Automatic detection of problem-gambling signs from online texts using large language models
This work addresses the public health issue of problem gambling by providing a computational tool for early detection in online communities, though it is incremental as it applies an existing method to a new domain.
The study tackled the problem of detecting signs of problem gambling from online forum posts by fine-tuning a BERT model on manually annotated data from a German gambling discussion board, achieving a precision of 0.95 and an F1 score of 0.71.
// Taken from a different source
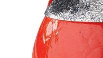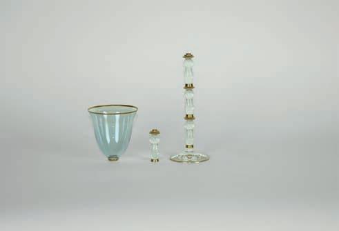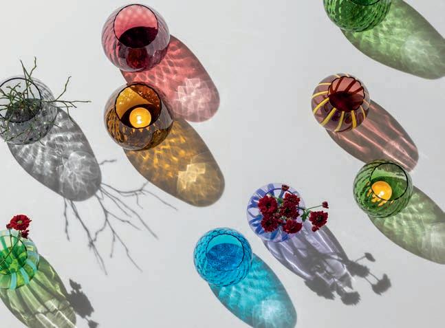 “Mr Parentini has such a keen eye. He can tell the di erence between a Florentine and a Sienese gold ground, for example. Listening to him explain in what way they di er, even though they look exactly the same, is sheer poetry,” continues Belforti. Parentini’s genius, combined with Tiziano Brusamento’s extraordinary skill and expertise, led to the creation of Gira e rigira, an innovative wine glass (patented in 2017) that was selected for the ADI Design Index and nominated for the Compasso d’Oro Award in 2020. A small metal globe placed between the top of the stem and the base of the glass makes it possible to impart a gentle rotating movement to the wine with a stroke of the thumb, enabling the evaluation of clarity, colour and consistency, olfactory notes and taste sensations. is goblet is the evolution of Ikebana, patented in 2001, a transformable drinking glass that can vary in height by adding or removing segments of the stem, depending on the table setting. “We are always ready to pick up a challenge, even when it seems an impossible one,” concludes Simona Belforti. And thanks to this wholehearted dedication, the material itself can reveal its innermost soul.

Problem gambling is a major public health concern and is associated with profound psychological distress and economic problems. There are numerous gambling communities on the internet where users exchange information about games, gambling tactics, as well as gambling-related problems. Individuals exhibiting higher levels of problem gambling engage more in such communities. Online gambling communities may provide insights into problem-gambling behaviour. Using data scraped from a major German gambling discussion board, we fine-tuned a large language model, specifically a Bidirectional Encoder Representations from Transformers (BERT) model, to predict signs of problem-gambling from forum posts. Training data were generated by manual annotation and by taking into account diagnostic criteria and gambling-related cognitive distortions. Using k-fold cross-validation, our models achieved a precision of 0.95 and F1 score of 0.71, demonstrating that satisfactory classification performance can be achieved by generating high-quality training material through manual annotation based on diagnostic criteria. The current study confirms that a BERT-based model can be reliably used on small data sets and to detect signatures of problem gambling in online communication data. Such computational approaches may have potential for the detection of changes in problem-gambling prevalence among online users.